Kto pamięta Uczucie w dźwięku. Apoteozę, wie, na co stać zespół prowadzony przez Jacewicza. Spektakl z 2010 roku był esencją doświadczenia emocji, których przekaźnikiem są tradycyjne pieśni wielogłosowe. Wzruszał, bawił, porażał, zasłużenie zbierał festiwalowe laury tak w Polsce, jak i za granicą – najmniejszym zrozumieniem cieszył się zaś paradoksalnie w samym Goleniowie. To jeszcze spektakl czy już koncert? Nie można było odmówić mu wirtuozerii, choć jego formuła mogła zdawać się hermetyczna. Tym niemniej od tamtej pory – również od rozpadu ówczesnego zespołu Teatru – Brama mimo gwałtownie rozwijającej się działalności społeczno-artystycznej, na scenie, w autorskich wypowiedziach, nie sięgnęła podobnego poziomu. Przez zespół przetaczało się mnóstwo młodych ludzi, z którymi Jacewicz realizował ich pierwsze teatralne próby, zazwyczaj oparte na zaangażowanych, ale lekkich etiudach, tak powstawały Poczekalnia, Fakeryzm, bliźniacza do pierwszej z nich Meduza; równocześnie pojawili się w Bramie studenci z programu europejskiej wymiany EVS, dający własne premiery, ale obecni w Teatrze zawsze tylko przez rok. W międzyczasie powstały Fale, szlachetny spektakl konstytuującej się na nowo stałej grupy (tu swoje miejsce zaznaczali już aktorzy z Ukrainy, którzy w Goleniowie znaleźli schronienie przed trawiącą ich rodzinne strony wojną), jednak i ten zespół nie utrzymał się dość długo, żeby pójść w pracy krok dalej.

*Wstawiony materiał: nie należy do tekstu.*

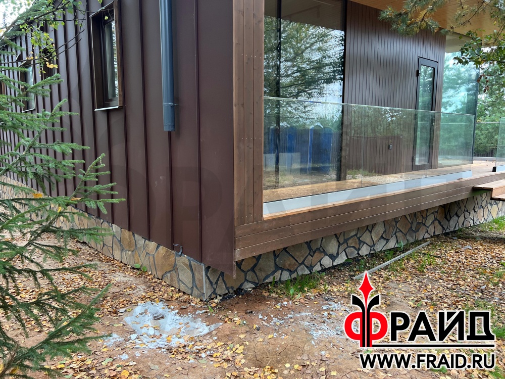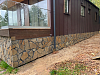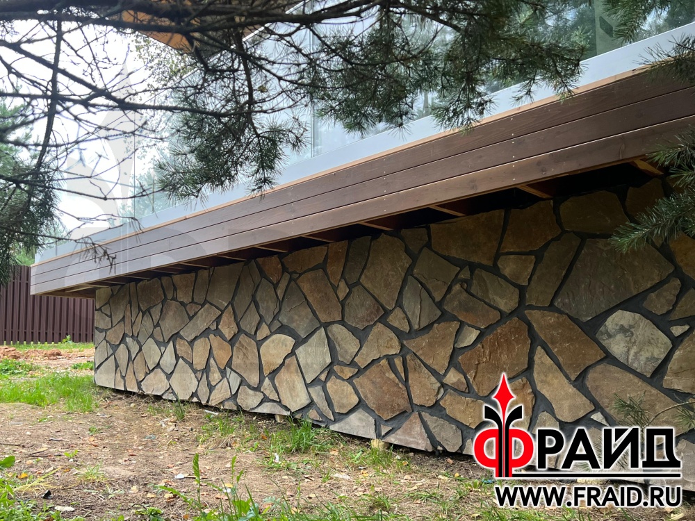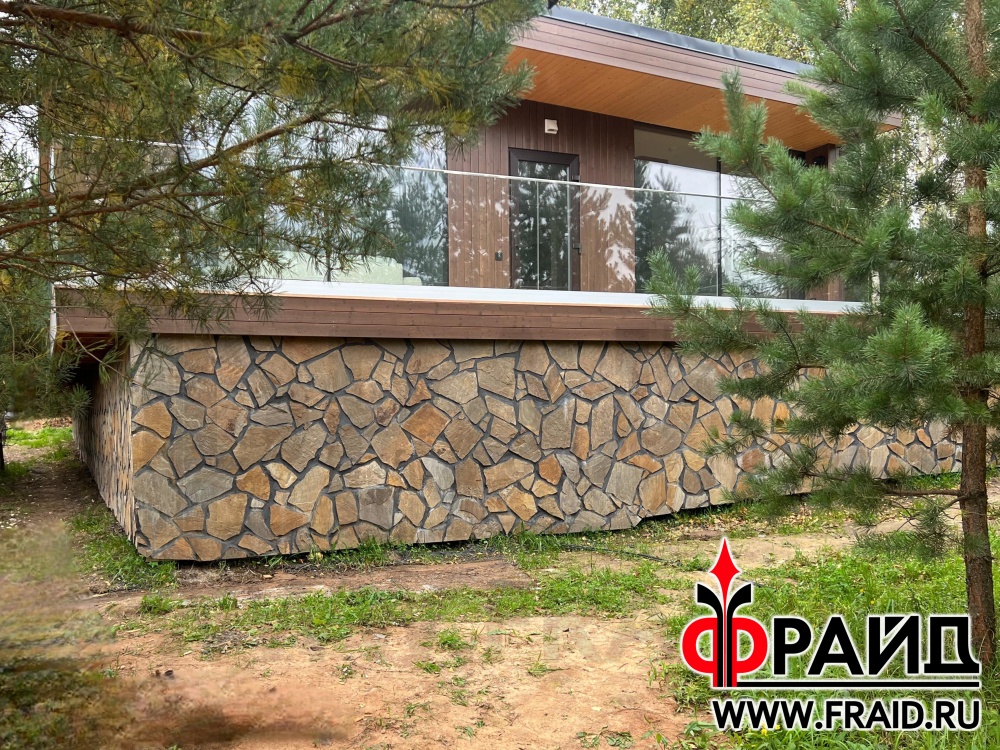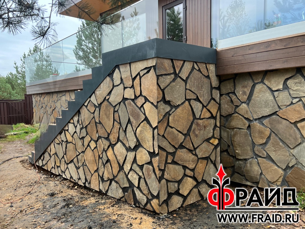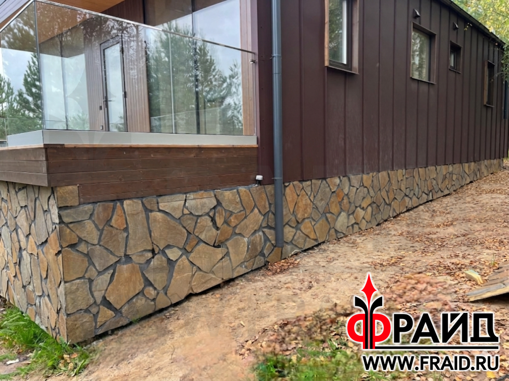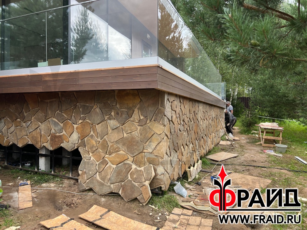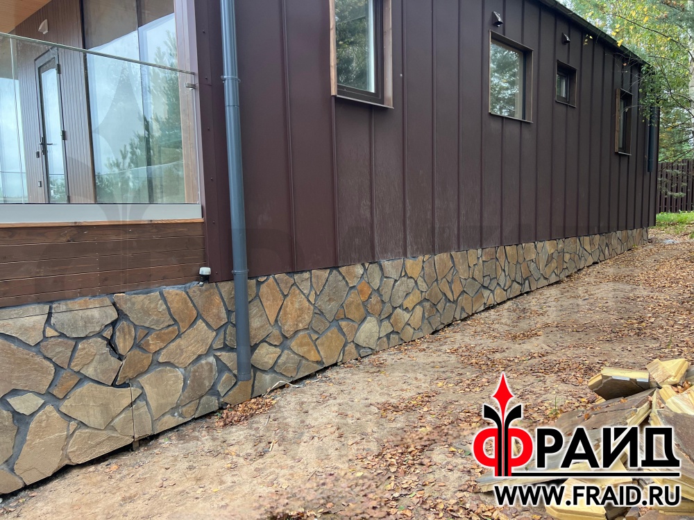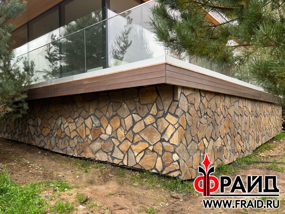 Отделка цоколя дома на бетонных сваях. Термопанели Фрайд Премиум с ростовским желто серым песчаником.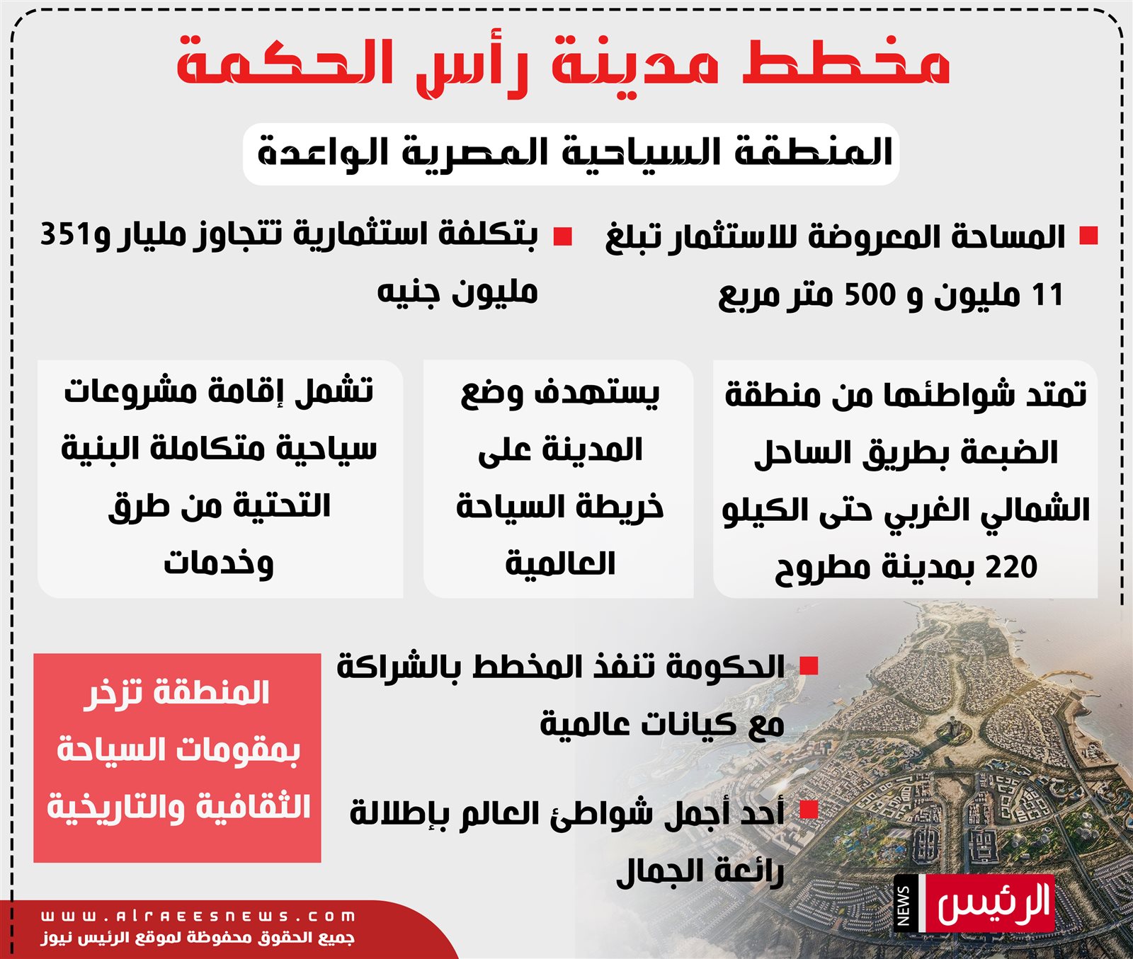 إنفوجراف| معلومات لا تعرفها عن مدينة رأس الحكمة الجديدة

Dopiero w marcu 2017 doszło do premiery, w której udział wzięli wszyscy, którzy przeszli przez wspomniane wyżej etapy i pozostali przy Teatrze. Jenny Crissey, od lat dobry duch Bramy, występowała już w Apoteozie, Patryk Bednarski w Teatrze działa od dawna, ale na scenę wyszedł z taką rolą po raz pierwszy, Anastasija Miedwiediewa i Ołeh Nesterow pojawiali się na deskach zarówno w czasach Fal, jak i w propozycjach grup młodzieżowych, ale działają pod auspicjami Bramy także na własną rękę, Łesia Szulc współpracowała z Jacewiczem przy wielu wydarzeniach, ale nie brała stałego udziału w spektaklach, Aleksandra Ślusarczyk aktywnie uczestniczy w życiu kolejnych grup od Poczekalni, Piotr Śnieguła przebojem wszedł do Bramy niewiele później, Wojciech Rosiński pojawił się po raz pierwszy na scenie w równoległym z Meduzą EVS-owym Psyrcle, Jakub Szambelan pomagał dotąd głównie przy eventach muzycznych, Kimberling Longueira z kolei przyjechała do Goleniowa z bieżącą grupą EVS-ów. Wymieniam wszystkich, bo razem stworzyli Zespół. Zespół przez duże Z, taki, dzięki któremu Ghost dance – o tym spektaklu mowa – jest jednym z najlepszych offowych przedstawień, jakie widziałem w ostatnich latach.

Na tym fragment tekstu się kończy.